Penasaran dengan kelanjutan cerita menganai bagaimana cara Ummi Salamah memerdekakan tanah kelahiranya? Apakah Ummi Salamah dan kawan-kawan berhasil menyelesaikan misi menyelamatkan bumi?. Silahkan baca lengkap novel mengenai kisah “Anak-Anak Pangaro” yang dapat anda temukan di perpustakaan SMA AL HIKMAH Surabaya.

 

 

 




Komentar

  1. Cerpen berjudul “Sekilas Kabar Pulau Terapung” mengisahkan tentang Ummi Salamah, seorang gadis yang terpaksa beranjak dewasa sebelum waktunya sepeninggalan Ayah-nya. Ia yang saat itu masih duduk di bangku SD, harus bisa bertahan dengan Ibu-nya. Ibu yang begitu lemah lembut, tetapi berubah menjadi pria perkasa ketika beliau harus kerja serabutan demi sesuap nasi. Saat itu, Ummi Salamah dan ibunya tinggal di sebuah rumah kosong di pinggiran kota, karena ditinggalkan pemiliknya ke Jakarta. Ummi Salamah dan keluarga beruntung, tidak perlu membayar sewa. Disinilah ia dan sekeluarga merasa bersyukur kepada Allah, karena telah memberikan kemurahanNya kepada keluarga Ummi Salamah meskpiun tanpa adanya seorang ayah. Tetapi, sekian waktu telah berjalan, tentu membuat Ummi Salamah merasa rindu dengan kampung halamannya, yang ia sebut Pulau Terapung. Hancur hatinya ketika ia mendengar bahwa keadaan Pulau Terapung sedang tidak baik-baik saja. Ia dan ibunya terus mengirimkan doa untuk rumah pertama mereka,

    Cerpen ini dibuat dengan runtut, penulis banyak menuliskan detail-detail tambahan sehingga pembaca bisa membayangkan dan memahami cerita dengan baik. Suasana dan perasaan tokoh, serta latar cerita tergambar jelas sehingga tentu pembaca tidak akan sulit mencerna cerita tersebut.

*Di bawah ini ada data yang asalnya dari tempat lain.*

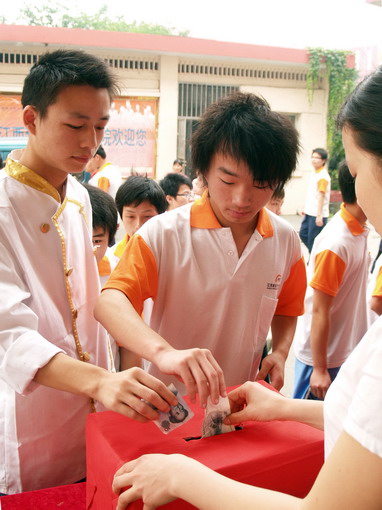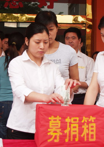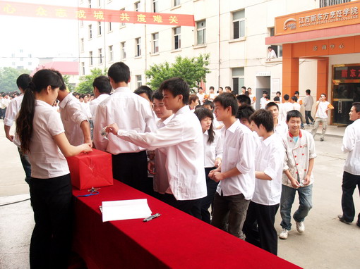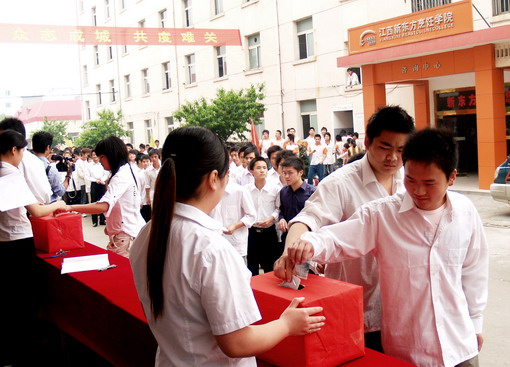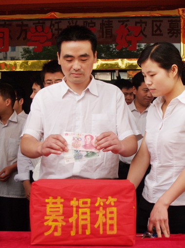 5月15日,江西新東方烹飪學(xué)院“情系災(zāi)區(qū)”募捐儀式在學(xué)院星光大道隆重舉行,操場上排起了長龍,學(xué)院專業(yè)負(fù)責(zé)人張勇主任、教務(wù)部胡應(yīng)東部長、教學(xué)點(diǎn)負(fù)責(zé)人胡孝忠主任等領(lǐng)導(dǎo)領(lǐng)頭走向募捐箱,現(xiàn)場數(shù)千名師生依次向捐助箱內(nèi)獻(xiàn)上了自己的愛心善款。

    Namun, di balik kelebihan-kelebihan ini, ada beberapa kekurangan dari cerpen ini. Yang pertama pembagian paragraf yang begitu banyak, sehingga mungkin pembaca dapat merasa kelelahan untuk membacanya. Kemudian, layout cerpen kurang rapi.

    Cerpen ini akan menjadi lebih baik kalau penulis memperbaiki layout cerpen, dengan meratakan paragraf agar lebih mudah dilihat, dan mungkin banyak memotong kalimat agar paragraf tidak terlalu banyak sehingga pembaca dapat lebih nyaman membacanya.